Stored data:
===
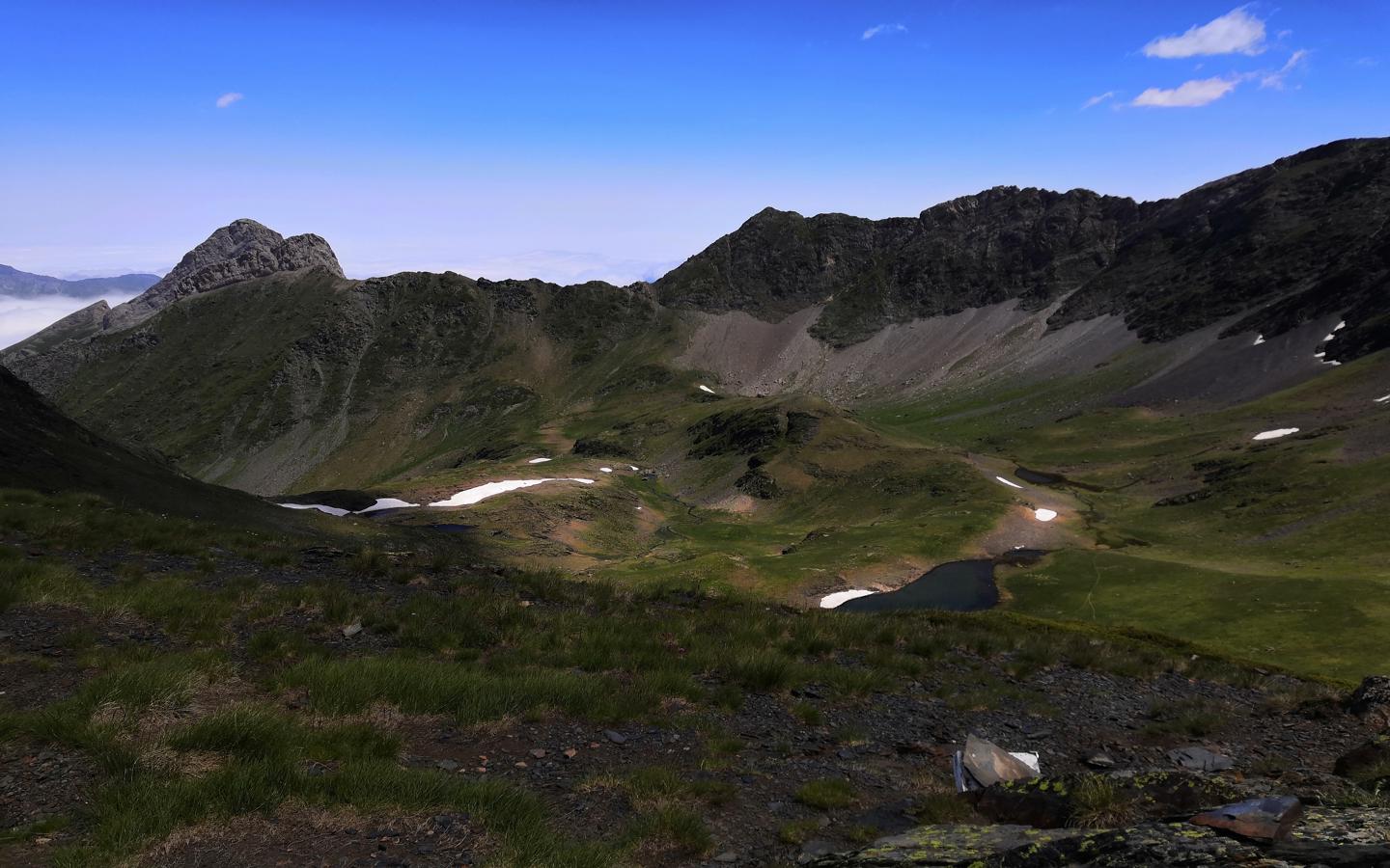 Etape 4 : Lac de Louesque Poursuivre cette crête quelques dizaines de mètres puis descendre à droite en traversée afin d'arriver au lac Supérieur, premier laquet visible depuis la crête. Le longer par la rive droite pour arriver au Lac de Louesque puis au lac Inférieur. Une alternance de courts ressauts et de vallonnements vous amène dans les pentes herbeuses en direction de la cabane de Coste de Goua où nous vous conseillons de redescendre par le GR10.
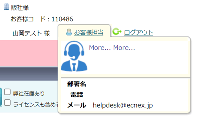 (2)TOPページの一番右上にお客様の担当営業の連絡先を記載しています。
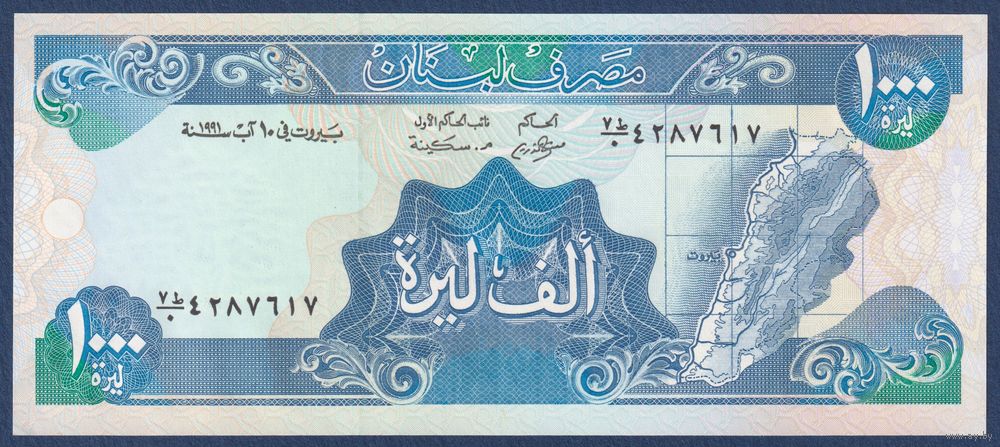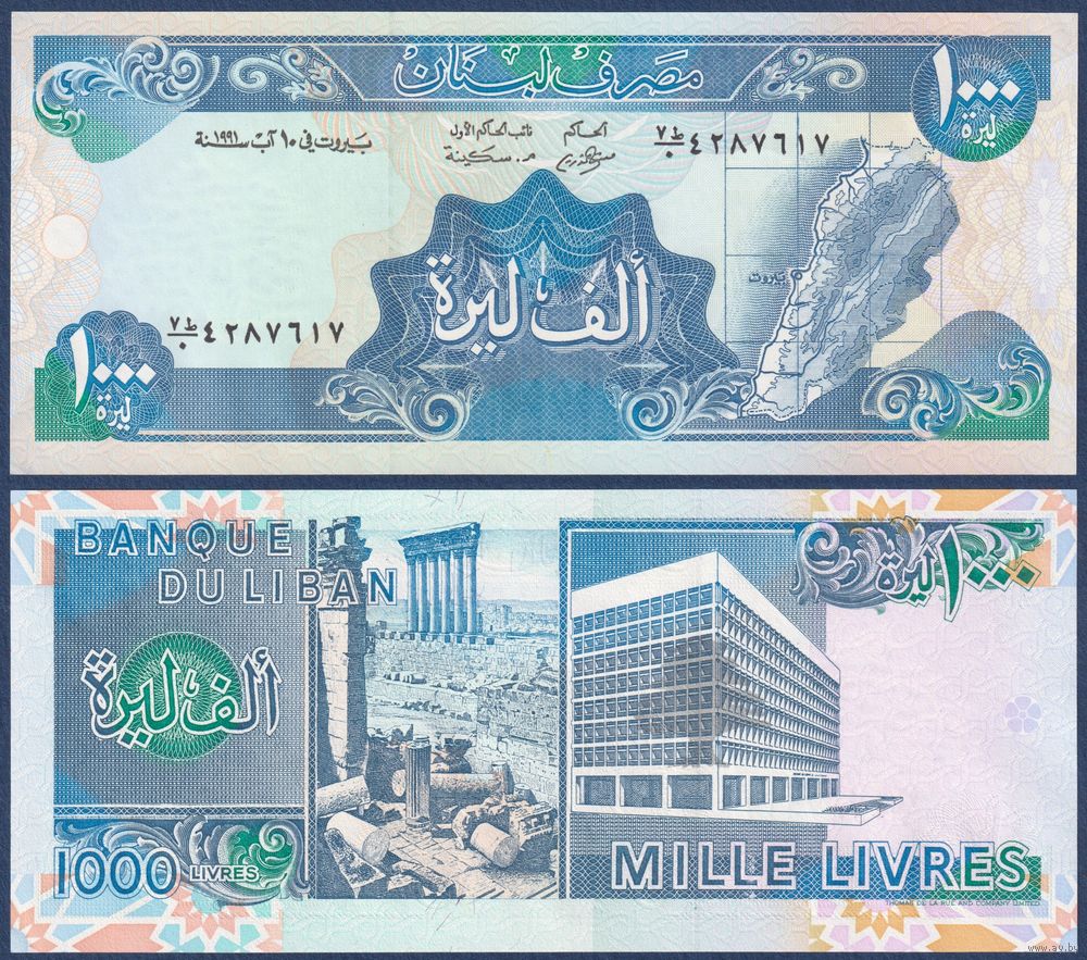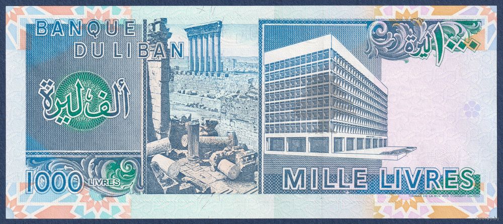 Ливан, 1000 ливров 1991 г, P-69b (колонны Баальбека, центробанк в Бейруте), UNC
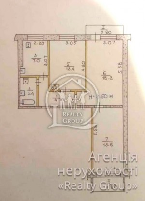 3 кімн., площа 56/36/6, поверх 2/9
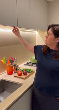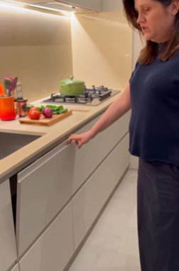 A arquiteta Claudia Paiva demonstra os discretos puxadores cava realizados nos armários. Nos gavetões inferiores – em especial o localizado perto da cuba, ela e a sócia, Vanessa Paiva, escolheram uma porta basculante | Projeto: Paiva e Passarini Arquitetura | Foto: Xavier Neto |
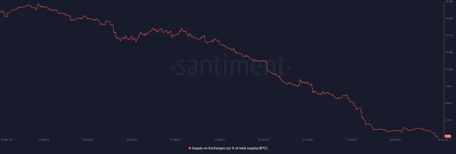 Furthermore, the dwindling supply of Bitcoin on exchanges serves as an additional testament to the illiquid nature of this asset. According to the Santiment chart, the available supply stood at approximately 6.24 at the time of writing. This metric indicates that despite the ongoing accumulation by individuals and institutions, there are no signs of a sell-off or significant supply entering the market.
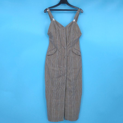 211204舊愛古著格紋愛心鏤空鈕扣背心吊帶窄裙長洋裝二手
===
● **EXERCISE AIM**: Leaving the pictures out, copy exactly the lines from the line that contains "A arquiteta Claudia" to the last line of the data, both ends included.

● **WRITTEN RESPONSE**:
 A arquiteta Claudia Paiva demonstra os discretos puxadores cava realizados nos armários. Nos gavetões inferiores – em especial o localizado perto da cuba, ela e a sócia, Vanessa Paiva, escolheram uma porta basculante | Projeto: Paiva e Passarini Arquitetura | Foto: Xavier Neto |
 Furthermore, the dwindling supply of Bitcoin on exchanges serves as an additional testament to the illiquid nature of this asset. According to the Santiment chart, the available supply stood at approximately 6.24 at the time of writing. This metric indicates that despite the ongoing accumulation by individuals and institutions, there are no signs of a sell-off or significant supply entering the market.
 211204舊愛古著格紋愛心鏤空鈕扣背心吊帶窄裙長洋裝二手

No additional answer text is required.